The Reserve Bank of India (RBI) has decided to crack down on speculation in the rupee in foreign markets, including the non-deliverable forward (NDF) ones. As part of this, it is targeting the overseas arms of Indian companies as well as foreign companies in which Indian firms have direct equity investments.
Even as the Indian currency lost value against the dollar over the past few weeks, the foreign arms of many Indian companies were very active in the NDF market, further pressuring the rupee's exchange rate. NDF is an outright contract in which counterparties settle the difference between the contracted price or rate and the prevailing spot price or rate on an agreed notional amount.
However, even before the slide began, RBI had issued a circular on April 25 specifying that foreign entities/structures with equity participation of Indian firms offering financial products linked to the rupee (such as non-deliverable trades involving foreign currency, rupee exchange rates, stock indices linked to the Indian market, etc) will have to take its approval. Their activities, if without the central bank's approval, would be treated as violation of the Foreign Exchange Management Act (Fema), the circular clarified.

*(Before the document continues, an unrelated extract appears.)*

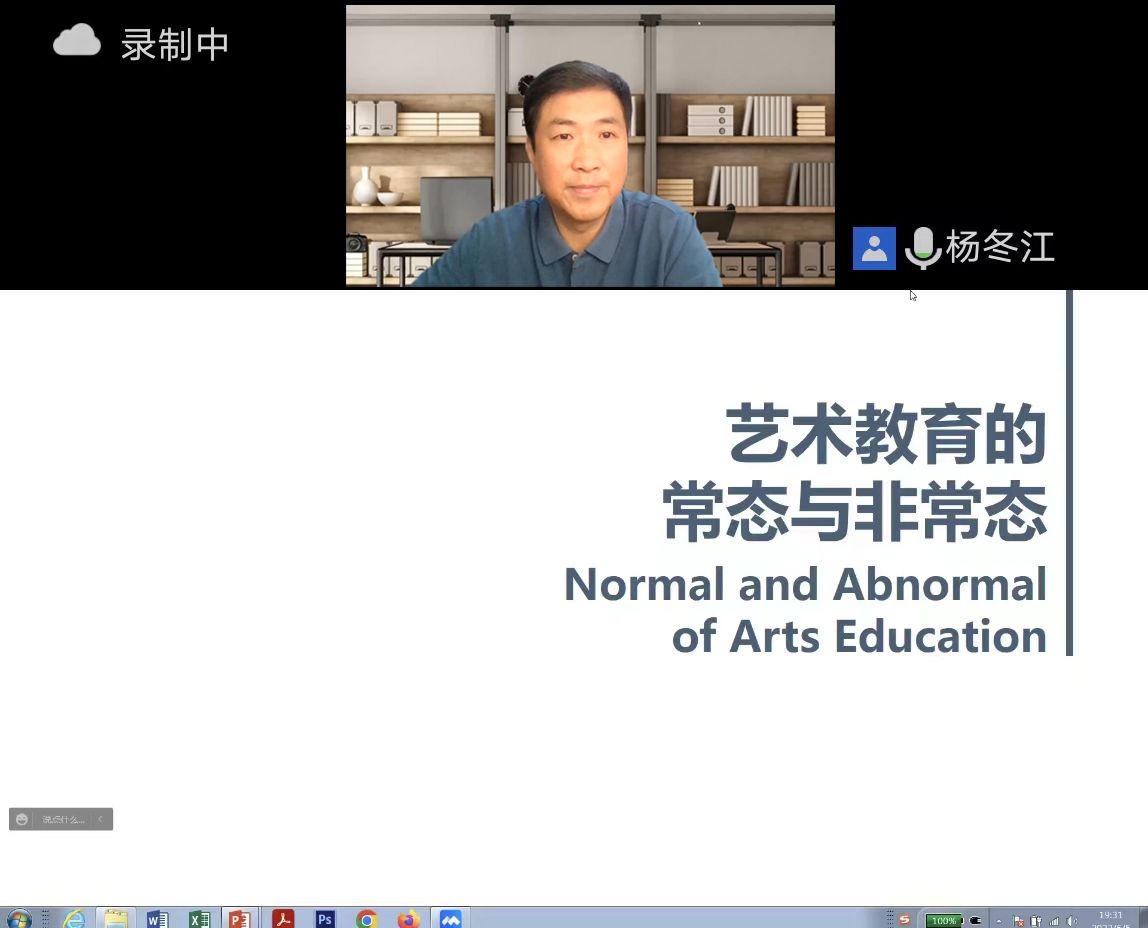 杨冬江教授围绕“艺术教育的常态与非常态”这一主题,分别从疫情对教育工作者的影响、如何发展当前的专业、艺术设计本身是一个创意三方面展开论述,深刻探讨如何应对冲击与挑战、如何唤醒意识、如何研究一门专业。

RBI said the rupee was not fully convertible at present and such products could affect the country's exchange rate management.
Though the circular was issued three months back, its implications are sinking in only now. "By issuing this circular, RBI has essentially clamped down on the offshore rupee derivative products offered by foreign subsidiaries, which, because of equity participation from Indian companies, have an indirect currency exposure on their Indian parents," said Khaitan & Co Partner Siddharth Shah.
"By ensuring that its prior approval is required, RBI has curtailed the practice. Many of these measures also appear to have been warranted on account of high volatility seen in the rupee's value in recent times," Shah added.
While the size of the NDF market, where settlement does not take place in currencies, is not known, a BIS tri-annual survey, last published in 2010, had noted that over half ($10.8 billion) of the total rupee forward and forex swap market ($20.8 billion) was abroad. The report had also said the size of the offshore rupee market was a mere $3.6 billion in 2007.
Several entities/brokerages offer dollar-rupee swaps to foreign investors. Their Indian parents had been using those to hedge their positions in the Indian markets, putting pressure on the rupee's exchange rate. Such swaps were offered for commodities, as well as on Indian stock indices. RBI plans to discontinue such trading.
"The circular makes it very clear that foreign arms or JVs of Indian companies will have to take RBI's permission if they want to trade on NDF market. This means RBI does not want them to trade on NDF," said Mecklai Financial CEO Jamal Mecklai.
Besides NDF, RBI has also targeted financial products linked with stock indices and commodities. "Such companies cannot offer products linked with rupee-dollar trading or those on Indian stock indices listed on foreign exchanges," said Mecklai.
Among Indian indices, while the Nifty
is traded on the Singapore Exchange, the Sensex
is being launched on the Dubai Gold & Commodities Exchange. The Indian brokers that have made huge investments in their foreign arms would find it difficult to trade in Indian exchanges' indices. They could, however, trade or facilitate trading in indices of other countries' exchanges, such as the US' Dow Jones Industrial Average and S&P.
The RBI move has, however, created confusion for brokerages, which say they were advised when the circular was initially issued that broking was just a service, and not a product, so they need not seek RBI's permission. A senior representative of the Commodity Participants' Association of India said that the association was seeking clarification from RBI on the implications of the circular, because it talks about "facilitating trading in currencies, securities and commodities".
Since the circular intends to stop trading facilities provided by foreign firms with equity participation from Indian companies, it is feared it might have an impact on genuine hedging, too.
"There might be a need to approach RBI for permission for trades involving the rupee, even if it is for a genuine hedging against rupee exposure," said Christopher Krishnamoorthy, associate partner, Majmudar & Partners.